▶ _Available data_:

______________________________

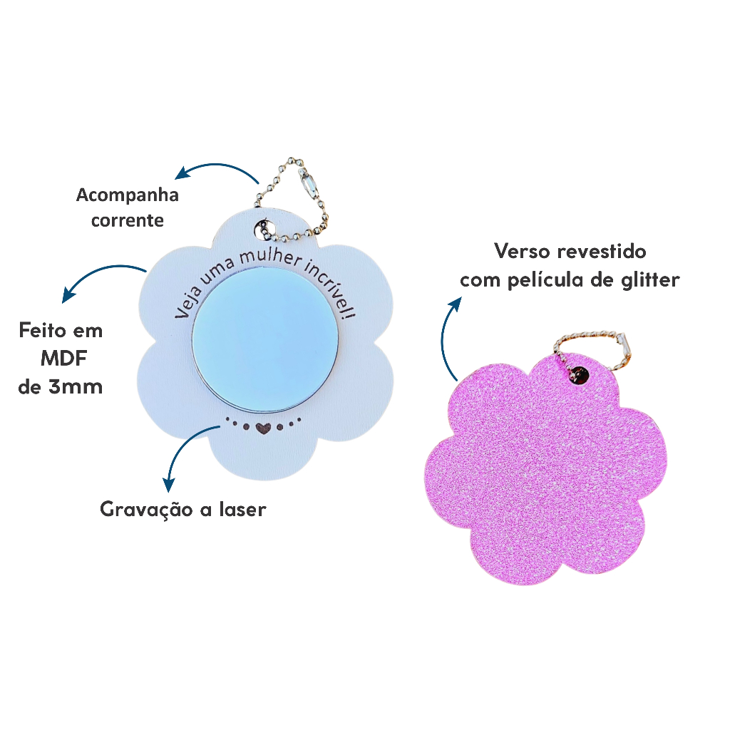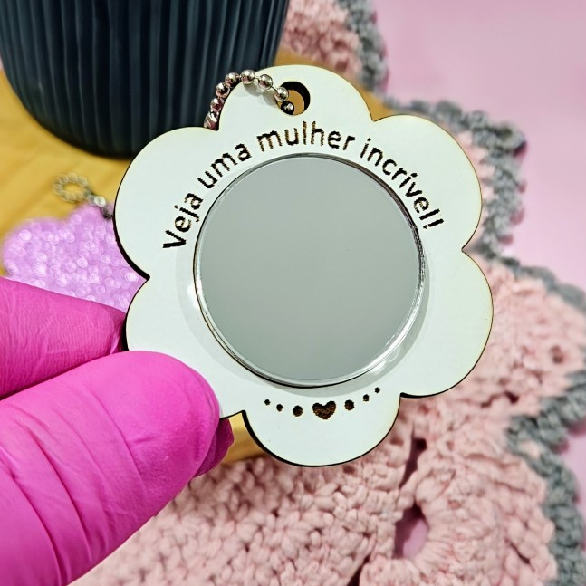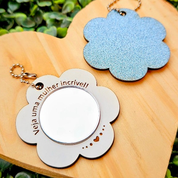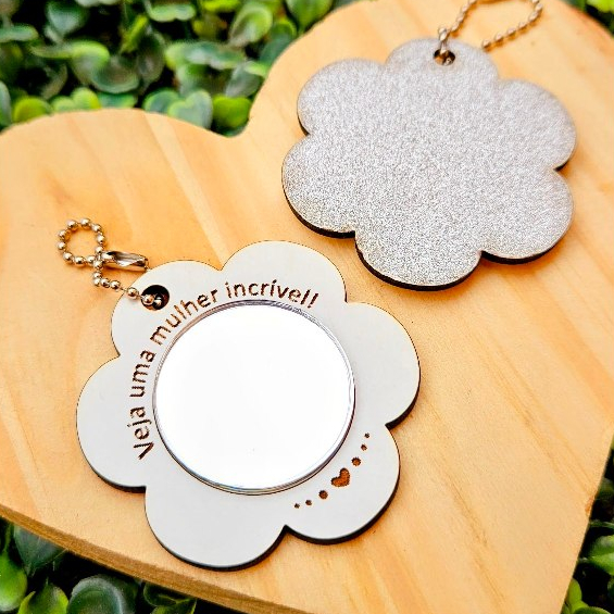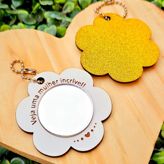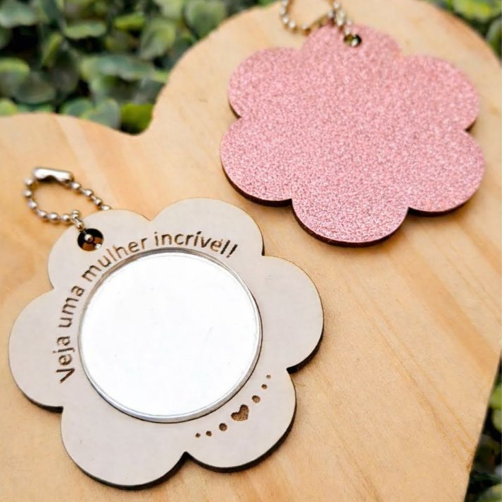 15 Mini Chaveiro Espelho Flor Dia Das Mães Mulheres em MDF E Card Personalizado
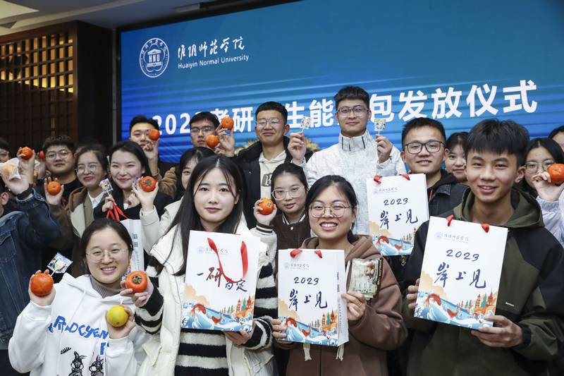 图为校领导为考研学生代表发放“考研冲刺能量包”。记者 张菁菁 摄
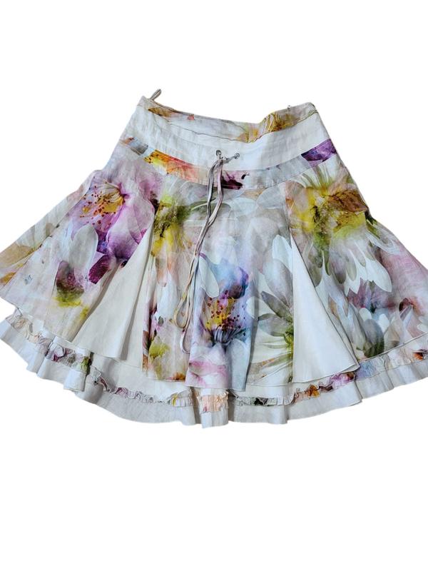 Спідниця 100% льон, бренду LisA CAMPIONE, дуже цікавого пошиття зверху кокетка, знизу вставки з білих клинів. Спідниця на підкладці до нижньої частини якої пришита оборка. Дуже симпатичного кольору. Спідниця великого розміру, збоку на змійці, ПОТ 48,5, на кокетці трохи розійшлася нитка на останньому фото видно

______________________________

▶ _Exercise description_:
Please give all of the material again, exactly, without the images.

▶ _Solution to the problem_:
 15 Mini Chaveiro Espelho Flor Dia Das Mães Mulheres em MDF E Card Personalizado
 图为校领导为考研学生代表发放“考研冲刺能量包”。记者 张菁菁 摄
 Спідниця 100% льон, бренду LisA CAMPIONE, дуже цікавого пошиття зверху кокетка, знизу вставки з білих клинів. Спідниця на підкладці до нижньої частини якої пришита оборка. Дуже симпатичного кольору. Спідниця великого розміру, збоку на змійці, ПОТ 48,5, на кокетці трохи розійшлася нитка на останньому фото видно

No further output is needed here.